Latches are serialization mechanisms that protect areas of Oracle’s shared memory (the SGA).  In simple terms latches prevent two processes from simultaneously updating - and possibly corrupting - the same area of the SGA.

Oracle sessions need to update or read from the SGA for almost all database operations.  For instance:
  • When a session reads a block from disk, it must modify a free block in the buffer cache and adjust the buffer cache LRU (Least Recently Used) chain.
  • When a session reads a block from the SGA, it will modify the LRU chain.
  • When a new SQL statement is parsed, it will be added to the library cache within the SGA.
  • As modifications are made to blocks, entries are placed in the redo buffer.
  • The database writer periodically writes buffers from the cache to disk (and must update their status from “dirty” to “clean”).
  • The redo log writer writes entries from the redo buffer to the redo logs.
Latches prevent any of these operations from colliding and possibly corrupting the SGA.   

How latches work

Because the duration of operations against memory is very small (typically in the order of nanoseconds) and the frequency of latch requests very high, the latching mechanism needs to be very light-weight.   On most systems, a single machine instruction called “test and set” is used to see if the latch is taken (by looking at a specific memory address) and if not, acquire it (by changing the value in the memory address).

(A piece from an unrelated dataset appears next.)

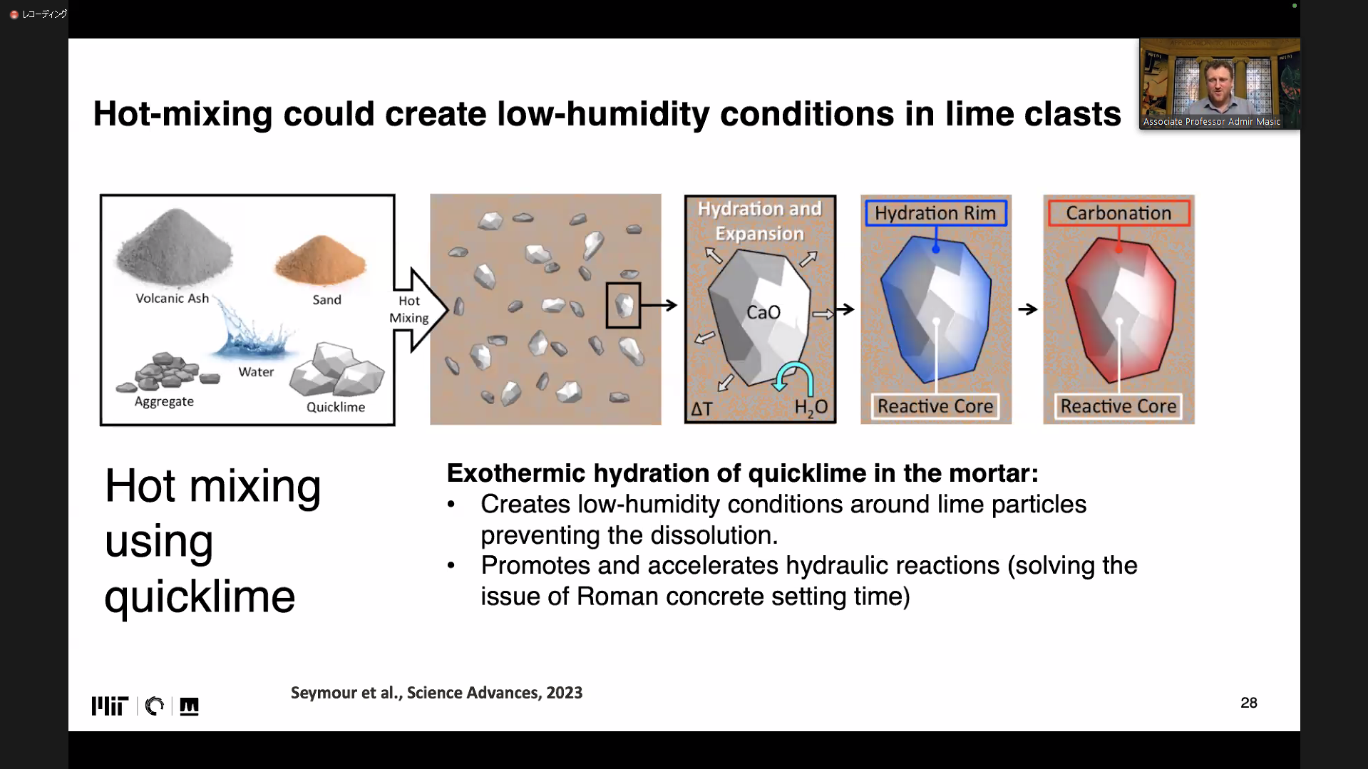 Masic氏は多機能セメント系材料の専門家であり、持続可能な未来に向けて「コンクリートの多機能化」の観点から社会課題を解決することを研究テーマとしています。今回の講演では、「CO2排出」「建築物の長寿命化」「再生可能エネルギー貯蔵」の3つの課題を題材にしてお話しいただきました。

If the latch is already in use, Oracle can assume that it will not be in use for long, so rather than go into a passive wait (e.g., relinquish the CPU and go to sleep) Oracle will retry the operation a number of times before giving up.  This algorithm is called acquiring a spin lock and the number of “spins” before sleeping is controlled by the Oracle initialization parameter “_spin_count”.

The first time the session fails to acquire the latch by spinning it will attempt to awaken after a millisecond or so.  Subsequent waits will increase in duration and in extreme circumstances may reach 100s of milliseconds.   In a system suffering from intense contention for latches, these waits will have a severe impact on response time and throughput.
Figure 1 uses Spotlight’s wait histogram display to show how latch waits typically last only a millisecond or two.  

 Latch histogram
Figure 1 Latch wait durations shown in Spotlights wait histogram display

Causes of latch contention

The latches that most frequently affect performance are those protecting the buffer cache, areas of the shared pool and the redo buffer.
  • Library cache and shared pool latches:  These latches protect the library cache in which sharable SQL is stored.  In a well defined application there should be little or no contention for these latches, but in an application that uses literals instead of bind variables (for instance “WHERE surname=’HARRISON’” rather that “WHERE surname=:surname”, library cache contention is common.  
  • Redo copy/redo allocation latches:  These latches protect the redo log buffer, which buffers entries made to the redo log.   These latches were a significant problem in earlier versions of Oracle, but are rarely encountered today.  
  • Cache buffers chain latches:  These latches are held when sessions read or write to buffers in the buffer cache.   There are typically a very large number of these latches each of which protects only a handful of blocks.  Contention on these latches is typically caused by concurrent access to a very “hot” block and the most common type of such a hot block is an index root or branch block (since any index based query must access the root block).  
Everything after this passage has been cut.